Also... there is a book I liked... imagine by jonah leher... It discusses where creativity stems from in the brain and good ways to foster it... having said that... I'm not sure landscape photography lends itself to creativity.


----------



## mackguyver (Jun 9, 2014)

jdramirez said:


> I'm not sure landscape photography lends itself to creativity.


Oh, JD, you didn't really say that did you? I think that landscape and nature photography in general require the most creativity. You are presented with a fixed set of objects and conditions and you must use your creativity to take a good shot. If composition is "the strongest way of seeing" then choosing the right lens, finding the right location and choosing the right time, height, angle, filters, and shutter speed are all _creative _choices required to achieve the best shot. At least that's how I see it, but maybe I've misinterpreted your comments  

In terms of resources like you mentioned - I really like the Creative Whack Pack & Innovative Whack Pack (of cards) by Roger von Oech.


----------



## Sella174 (Jun 9, 2014)

This happened to me some years back when I started using zoom lenses. Photography became boring ... and heavy. I switched back to primes ... and the magic returned.


----------



## jdramirez (Jun 9, 2014)

mackguyver said:


> jdramirez said:
> 
> 
> > I'm not sure landscape photography lends itself to creativity.
> ...



It was kinda a joke... And like mini of my jokes it wasn't very funny.


----------



## scottkinfw (Jun 10, 2014)

It happens to us all.

I haven't picked my camera up for a while and I just got a new lens!

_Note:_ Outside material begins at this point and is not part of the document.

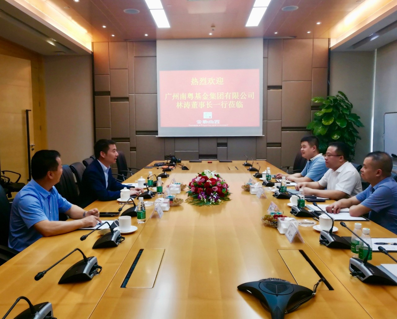 南粵基金副總裁肖磊,金地商置副總經(jīng)理謝文云等參加會談。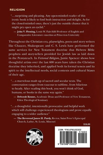 The books of the New Testament are not the infallible words of God. The texts were in a state of flux during the faith s early centuries. We can and should build on that flexible tradition. These are the claims by which this book is guided. In Fictional Religion, Jamie Spencer challenges readers to take a more rational, more scholarly, and a more historical-critical approach to the New Testament. He examines twelve writers who, he posits, allow us to see how thoughtful artists over the last 600 years have taken the Christian doctrine they inherited, and applied both its formal tenets and its spirit to the intellectual needs, social contexts and cultural biases of their age. Throughout the Christian era, playwrights, poets and story writers like Chaucer, Shakespeare and C. S. Lewis have performed the same services for New Testament doctrine that Hebrew Bible prophets and story-tellers provided for Jewish law as laid down in the Pentateuch. Although our creative artists are not allowed official entry into Holy Writ, they shape Christian doctrine and insights in new ways to meet new human conditions. They keep the New Testament new.

I think, try a different type of photography? 

Introspection, find out what the block it?

Maybe get with a photography club?

sek



DigglerDawg said:


> Hi all. I'm ashamed to be mentioning this but I really need some helpful advice please...
> 
> I've considered myself a decent landscape photographer for many years, the subject has always excited me and I've always been able to pull a good shot out of the bag even when scenery and conditions don't play- ball.
> 
> ...


----------



## knkedlaya (Jun 10, 2014)

Same experience here as well. I try these things:
1. Never worry about the phase... let it pass through, and it will...
2. Play with kids, teach them how to use camera, see from their point of view...
3. Do something totally new ex - Extreme macro, watch someone else's work or even learn the algorithms used in sensor
4. Go with photography buddies, but do not carry camera, be their assistant. You will start seeing the opportunities!!!
5. Learn new tricks in photoshop
6. Visit new places if possible...

Wish you all the best!!!

Naveena


----------



## Mr_Canuck (Jun 19, 2014)

Thanks for sharing. This happens to all of us. Nice to talk about photographic and creative struggles rather than lens sharpness.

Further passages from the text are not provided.